# Aim of the task
If a record below holds a picture, drop the picture and restate everything else word for word.

# Dataset records
□ □ □

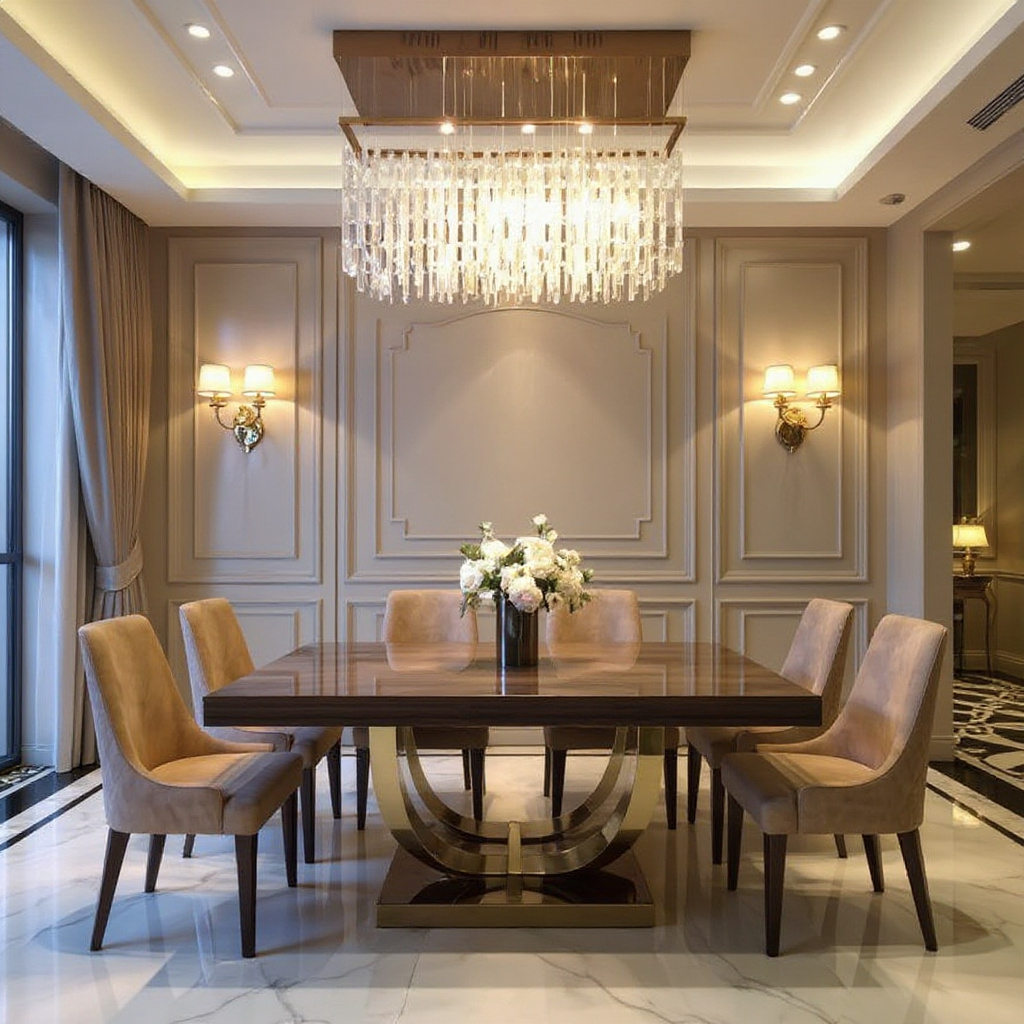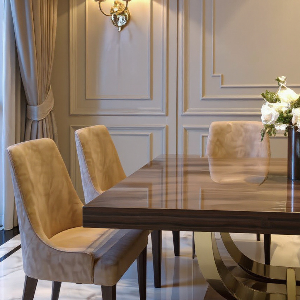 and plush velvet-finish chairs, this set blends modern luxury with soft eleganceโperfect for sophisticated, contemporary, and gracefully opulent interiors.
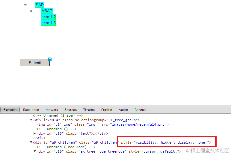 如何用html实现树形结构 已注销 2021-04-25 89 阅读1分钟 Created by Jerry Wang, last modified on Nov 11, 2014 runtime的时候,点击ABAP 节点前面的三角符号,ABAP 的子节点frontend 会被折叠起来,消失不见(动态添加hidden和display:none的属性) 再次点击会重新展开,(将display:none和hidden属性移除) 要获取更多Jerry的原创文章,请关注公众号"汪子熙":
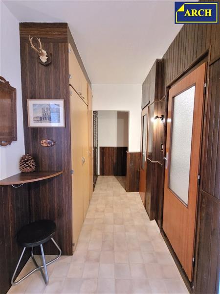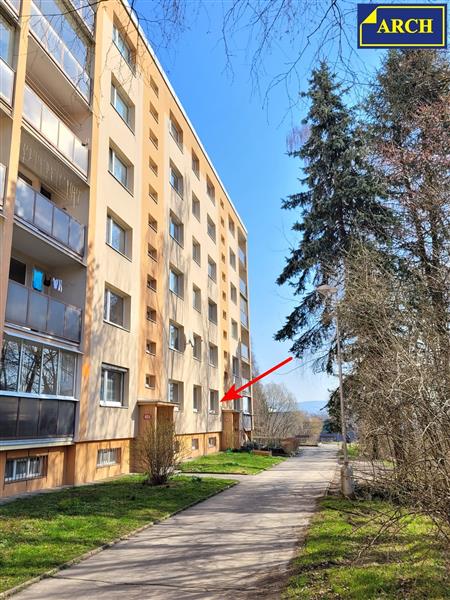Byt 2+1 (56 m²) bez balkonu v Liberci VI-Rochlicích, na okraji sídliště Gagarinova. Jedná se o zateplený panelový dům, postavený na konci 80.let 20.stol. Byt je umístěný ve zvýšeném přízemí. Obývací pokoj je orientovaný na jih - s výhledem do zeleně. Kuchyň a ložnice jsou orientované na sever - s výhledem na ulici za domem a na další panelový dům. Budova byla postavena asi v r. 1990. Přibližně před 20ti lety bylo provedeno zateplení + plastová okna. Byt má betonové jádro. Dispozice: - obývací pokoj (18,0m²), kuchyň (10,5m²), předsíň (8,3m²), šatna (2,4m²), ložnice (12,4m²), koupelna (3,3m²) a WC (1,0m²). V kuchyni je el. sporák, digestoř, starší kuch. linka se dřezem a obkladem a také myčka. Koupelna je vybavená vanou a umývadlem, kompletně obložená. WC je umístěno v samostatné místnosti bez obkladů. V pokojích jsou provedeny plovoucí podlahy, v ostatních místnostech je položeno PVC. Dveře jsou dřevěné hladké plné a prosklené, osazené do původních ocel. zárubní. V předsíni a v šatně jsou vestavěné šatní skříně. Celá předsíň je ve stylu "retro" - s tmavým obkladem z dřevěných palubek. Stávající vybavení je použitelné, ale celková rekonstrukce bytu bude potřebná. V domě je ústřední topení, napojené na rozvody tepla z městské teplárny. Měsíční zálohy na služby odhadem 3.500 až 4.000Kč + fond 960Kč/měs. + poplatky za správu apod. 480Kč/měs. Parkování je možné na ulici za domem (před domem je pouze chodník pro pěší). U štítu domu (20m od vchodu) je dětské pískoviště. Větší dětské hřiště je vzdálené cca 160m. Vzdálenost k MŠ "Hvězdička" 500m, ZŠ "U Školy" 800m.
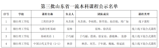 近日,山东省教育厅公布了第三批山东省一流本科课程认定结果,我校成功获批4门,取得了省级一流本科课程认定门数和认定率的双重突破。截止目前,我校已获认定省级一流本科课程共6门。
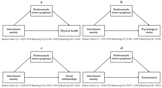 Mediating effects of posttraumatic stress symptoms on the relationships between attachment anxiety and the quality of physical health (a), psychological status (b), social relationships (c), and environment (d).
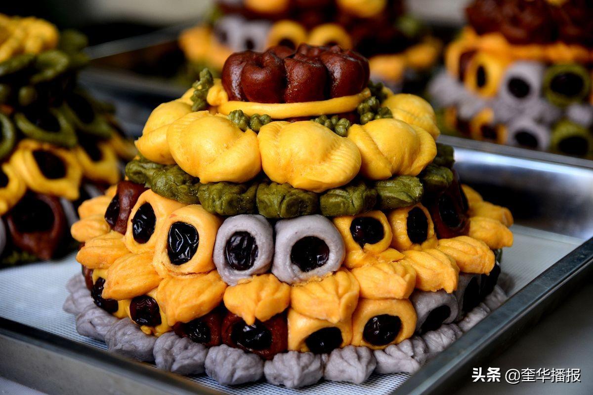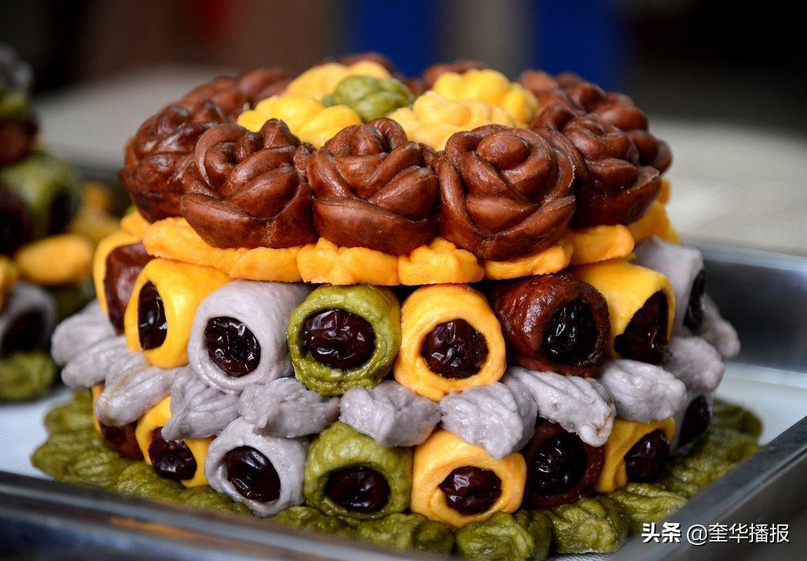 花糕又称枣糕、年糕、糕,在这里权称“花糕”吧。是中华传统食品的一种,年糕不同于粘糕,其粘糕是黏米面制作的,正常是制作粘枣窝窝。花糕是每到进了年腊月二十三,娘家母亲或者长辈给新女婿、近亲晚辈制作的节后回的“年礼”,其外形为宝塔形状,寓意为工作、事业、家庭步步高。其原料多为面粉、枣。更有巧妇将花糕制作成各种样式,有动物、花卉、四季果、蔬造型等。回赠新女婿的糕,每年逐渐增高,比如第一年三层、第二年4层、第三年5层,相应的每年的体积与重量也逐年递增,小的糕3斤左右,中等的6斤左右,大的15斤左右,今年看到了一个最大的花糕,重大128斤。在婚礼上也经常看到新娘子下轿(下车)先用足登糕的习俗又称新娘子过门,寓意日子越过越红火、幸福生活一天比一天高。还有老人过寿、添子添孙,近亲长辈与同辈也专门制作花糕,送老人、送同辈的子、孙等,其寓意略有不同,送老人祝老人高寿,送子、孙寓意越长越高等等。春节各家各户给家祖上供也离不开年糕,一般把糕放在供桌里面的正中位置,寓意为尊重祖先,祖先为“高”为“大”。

□ □ □

# Solution to the problem
 and plush velvet-finish chairs, this set blends modern luxury with soft eleganceโperfect for sophisticated, contemporary, and gracefully opulent interiors.
 如何用html实现树形结构 已注销 2021-04-25 89 阅读1分钟 Created by Jerry Wang, last modified on Nov 11, 2014 runtime的时候,点击ABAP 节点前面的三角符号,ABAP 的子节点frontend 会被折叠起来,消失不见(动态添加hidden和display:none的属性) 再次点击会重新展开,(将display:none和hidden属性移除) 要获取更多Jerry的原创文章,请关注公众号"汪子熙":
Byt 2+1 (56 m²) bez balkonu v Liberci VI-Rochlicích, na okraji sídliště Gagarinova. Jedná se o zateplený panelový dům, postavený na konci 80.let 20.stol. Byt je umístěný ve zvýšeném přízemí. Obývací pokoj je orientovaný na jih - s výhledem do zeleně. Kuchyň a ložnice jsou orientované na sever - s výhledem na ulici za domem a na další panelový dům. Budova byla postavena asi v r. 1990. Přibližně před 20ti lety bylo provedeno zateplení + plastová okna. Byt má betonové jádro. Dispozice: - obývací pokoj (18,0m²), kuchyň (10,5m²), předsíň (8,3m²), šatna (2,4m²), ložnice (12,4m²), koupelna (3,3m²) a WC (1,0m²). V kuchyni je el. sporák, digestoř, starší kuch. linka se dřezem a obkladem a také myčka. Koupelna je vybavená vanou a umývadlem, kompletně obložená. WC je umístěno v samostatné místnosti bez obkladů. V pokojích jsou provedeny plovoucí podlahy, v ostatních místnostech je položeno PVC. Dveře jsou dřevěné hladké plné a prosklené, osazené do původních ocel. zárubní. V předsíni a v šatně jsou vestavěné šatní skříně. Celá předsíň je ve stylu "retro" - s tmavým obkladem z dřevěných palubek. Stávající vybavení je použitelné, ale celková rekonstrukce bytu bude potřebná. V domě je ústřední topení, napojené na rozvody tepla z městské teplárny. Měsíční zálohy na služby odhadem 3.500 až 4.000Kč + fond 960Kč/měs. + poplatky za správu apod. 480Kč/měs. Parkování je možné na ulici za domem (před domem je pouze chodník pro pěší). U štítu domu (20m od vchodu) je dětské pískoviště. Větší dětské hřiště je vzdálené cca 160m. Vzdálenost k MŠ "Hvězdička" 500m, ZŠ "U Školy" 800m.
 近日,山东省教育厅公布了第三批山东省一流本科课程认定结果,我校成功获批4门,取得了省级一流本科课程认定门数和认定率的双重突破。截止目前,我校已获认定省级一流本科课程共6门。
 Mediating effects of posttraumatic stress symptoms on the relationships between attachment anxiety and the quality of physical health (a), psychological status (b), social relationships (c), and environment (d).
 花糕又称枣糕、年糕、糕,在这里权称“花糕”吧。是中华传统食品的一种,年糕不同于粘糕,其粘糕是黏米面制作的,正常是制作粘枣窝窝。花糕是每到进了年腊月二十三,娘家母亲或者长辈给新女婿、近亲晚辈制作的节后回的“年礼”,其外形为宝塔形状,寓意为工作、事业、家庭步步高。其原料多为面粉、枣。更有巧妇将花糕制作成各种样式,有动物、花卉、四季果、蔬造型等。回赠新女婿的糕,每年逐渐增高,比如第一年三层、第二年4层、第三年5层,相应的每年的体积与重量也逐年递增,小的糕3斤左右,中等的6斤左右,大的15斤左右,今年看到了一个最大的花糕,重大128斤。在婚礼上也经常看到新娘子下轿(下车)先用足登糕的习俗又称新娘子过门,寓意日子越过越红火、幸福生活一天比一天高。还有老人过寿、添子添孙,近亲长辈与同辈也专门制作花糕,送老人、送同辈的子、孙等,其寓意略有不同,送老人祝老人高寿,送子、孙寓意越长越高等等。春节各家各户给家祖上供也离不开年糕,一般把糕放在供桌里面的正中位置,寓意为尊重祖先,祖先为“高”为“大”。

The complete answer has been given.